I knew it was coming - tried to feebly bat at the cloud as it surrounded me and even sent Adam a helpless email in warning. But it came and settled. I canceled meetings and avoided others, huddling in bed and waiting for time to pass.

Pass it did and I woke this morning feeling better. The neurochemicals normalized or I moved past some feeling of rejection or sadness or some unknown factor shifted and I felt lighter. I cleaned a little. I walked my dog. I napped because I was tired, not because I needed the break from being painfully conscious. I did some work that seemed impossibly difficult only days ago.

Now I can see again. The internal peace allows me to extend kindness, exhibit patience, slowly allow people back into my life. There's sweet relief and gentle determination to regain ground I lost last week.

But I know the cloud waits. It lingers in the periphery, watching for a moment of weakness - after travel, when the cute boy won't call again, when I'm confused and afraid about the future - and will descend again.
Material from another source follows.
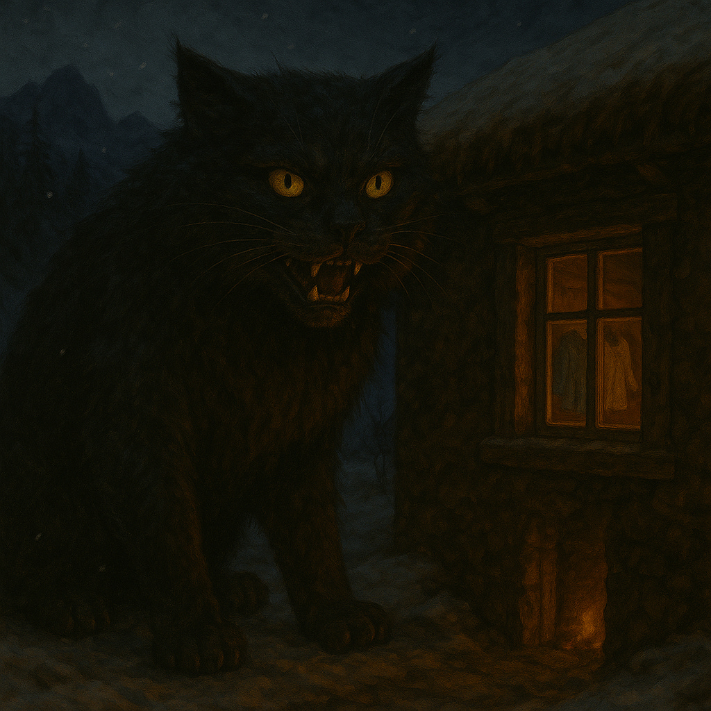 The creature is enormous, larger than any house. Its fur is matted and filthy, its eyes glow in the darkness, and its teeth can tear a human apart in seconds. It stalks through the winter night, peering through windows, searching for victims. The Yule Cat can smell poverty and idleness from miles away. When it finds someone wearing old, threadbare clothes on Christmas Eve, it strikes.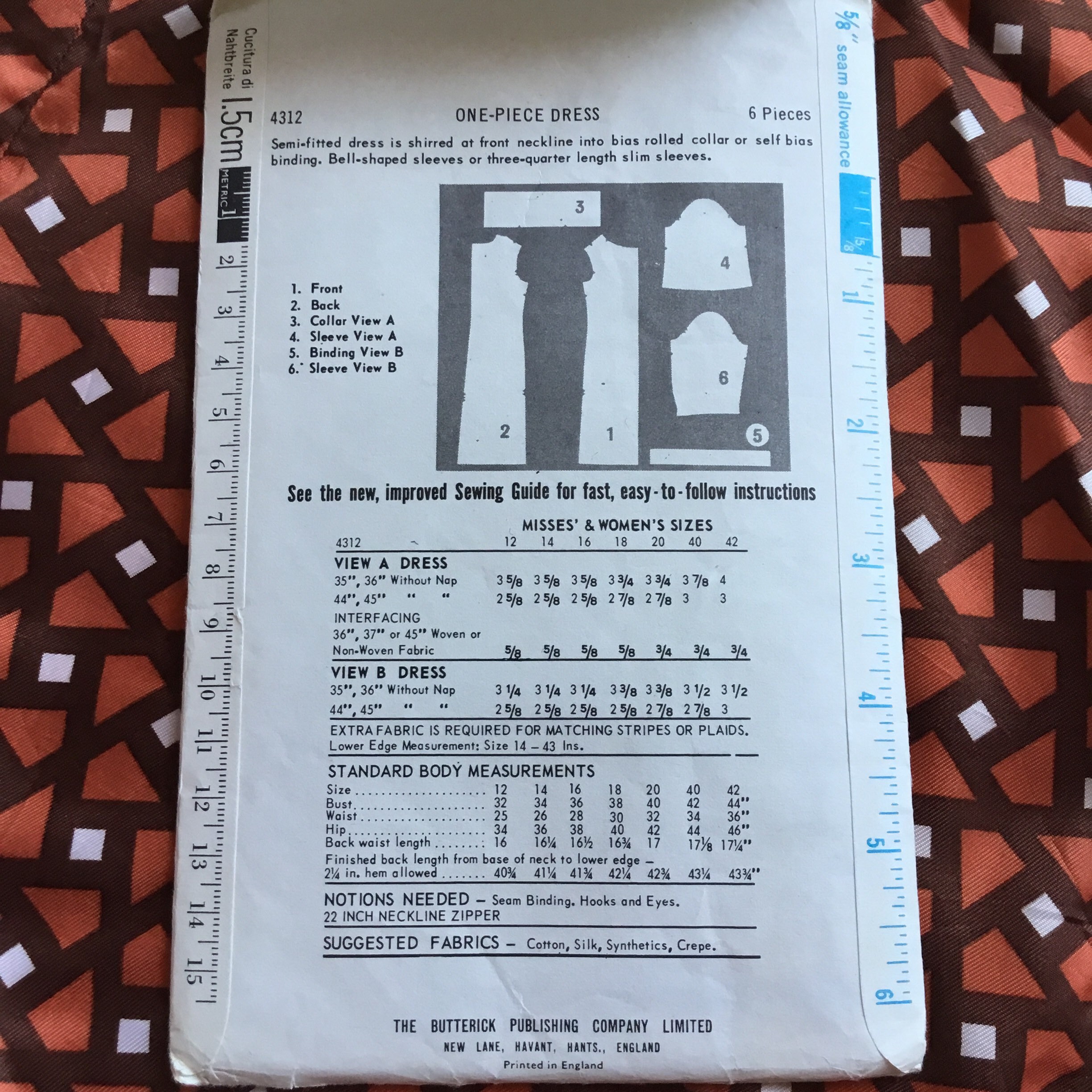 Vintage Dress Pattern Butterick Easy 4312 Bust 42 To Fit Etsy Canada

And I don't know how to gain additional distance from it - whether to change jobs or stop dating or get a roommate or switch medication.

It's that awful point when I don't feel like dwelling on it while I'm well and I can't handle dealing with it when I'm sick. So what the hell do I do?

Wednesday, January 26, 2011

Descent & Smudges

"Oh, please, no," I begged silently as the plane descended. "Turn around. Go back. I don't want to be here."

And I winced at the knowledge that something is wrong. I have no great affection for flying and a surfeit of love for my home so my reaction ran counter to expectations. I had forced myself to travel, abandoning a list of excuses that are becoming well-worn and packing my bags before dawn on Monday.

Just do the next thing - focus one step ahead and no farther, I advised myself gently. You can do this. And I did. I zipped my bags and dressed. Walked the dog and shouted when she slipped from her leash and ran away to punish me for said packing and dressing. She came home and I departed, driving to the airport with prayers that I'd actually get on the plane. I pulled my boarding pass from my bag and waited in the security line. I removed then replaced my laptop and baggie of tiny liquids as I shuffled through the line as the sky brightened by remained gray.

I bought water and checked email messages on my Blackberry. I boarded, cheered momentarily by my Zone 1 status, and sighed with relief that I was going to my Very Important Meeting. And I handled each moment the same way - just move through the next task, move to the next step and try not to think about it.

I could feel the effort sapping my strength, collapsing into mental exhaustion at the end of each day. I breathed and prayed and tried to focus on the positive. I worked and watched television and embraced distractions. I grinned when I talked to my friend staying with Chienne and decided on what gifts I could bring her as a thank you. There were moments where it didn't hurt - when a glimmer of happiness or hope would emerge and sparkle.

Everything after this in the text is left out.